The Death of Actaeon, 1559-75 by Titian

The Death of Actaeon, 1559-75 by Titian
The Death of Actaeon, 1559-75 by Titian

The story of Actaeon had been passed down from antiquity in the third book of the Latin poet Ovid's Metamorphoses. Titian would probably have first read it in his own language, in one of the many Italian translations of Boccaccio's useful compendium of classical tales, the Genealogia Deorum. Boccaccio's version is concise in the extreme:

"Actaeon was a hunter. One day, tired from the chase, he had gone into the valley of Gargafia, probably to quench his thirst, for there was a fresh and clear stream in the valley, and it happened that he beheld Diana in the spring, who was naked and washing herself. Diana, discovering this, took it ill, and she took some water in her hands and splashed it in Actaeon's face, saying "Go say what you have seen, if you can". And Actaeon was immediately changed into a stag, and when his hounds saw him he was killed immediately and gashed with their teeth and eaten up."

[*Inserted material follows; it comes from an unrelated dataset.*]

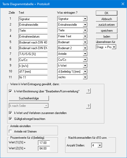 Sie können in der obigen Liste die Darstellung der Durchgänge d10, d30, d50 und d60 auswählen. Zusätzlich haben Sie die Möglichkeit, die Durchgänge zweier beliebiger Prozentwerte darstellen zu lassen. Dazu wählen Sie in der Textzuordnung "d (beliebig 1) [mm]" (siehe Zeile 10 in der obigen Dialogbox) und tragen ganz unten den gewünschten Prozentwert ein. Die Textvorgabe auf der linken Seite passen Sie entsprechend an. Für die Darstellung der Durchgänge können Sie die Anzahl der Nachkommastellen auswählen.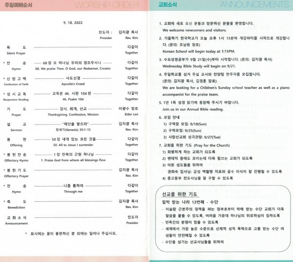 날짜: 2022.09.12 글쓴이 : 박귀성 | 김지광담임목사 주일설교

Titian shows the grim climax of the story, taking the liberty of introducing Diana into the scene, as huntress, administering the coup de grace with an arrow from her bow - and revealing her right breast in the process. But the picture's faint glimmerings of eroticism are shadowed by intimations of mortality. Actaeon, whose head has already metamorphosed into that of a stag, seems as though he is attempting vainly to call out to his hounds, even as they savage him. This is a detail which suggests that Titian had taken the trouble to familiarise himself with Ovid in the original by the time he painted the work. In the Metamorphoses, Diana's victim "longed to cry out, 'I am Actaeon, recognise your master'; the words refused obedience to his will."

Before Titian, the theme of Diana and Actaeon had been treated light-heartedly by the artists of the Italian Renaissance. The subject had often been deemed appropriate to wedding celebrations, for example, with the bride-to-be portrayed as Diana - a comical hint to any would-be Actaeons among the bridegroom's friends. But in Titian's hands, the theme acquired a tragic dimension. It is possible that the artist intended some moral to be read into the work, perhaps concerning the perils of lubricity. Titian had almost singlehandedly invented erotic art as a genre, in his many depictions of the female nude; so maybe there was even an element of self-confession at work, in this picture of a man turned into a beast by the spectacle of a nude goddess, and hounded by his own dogs as if by his own sexual passions.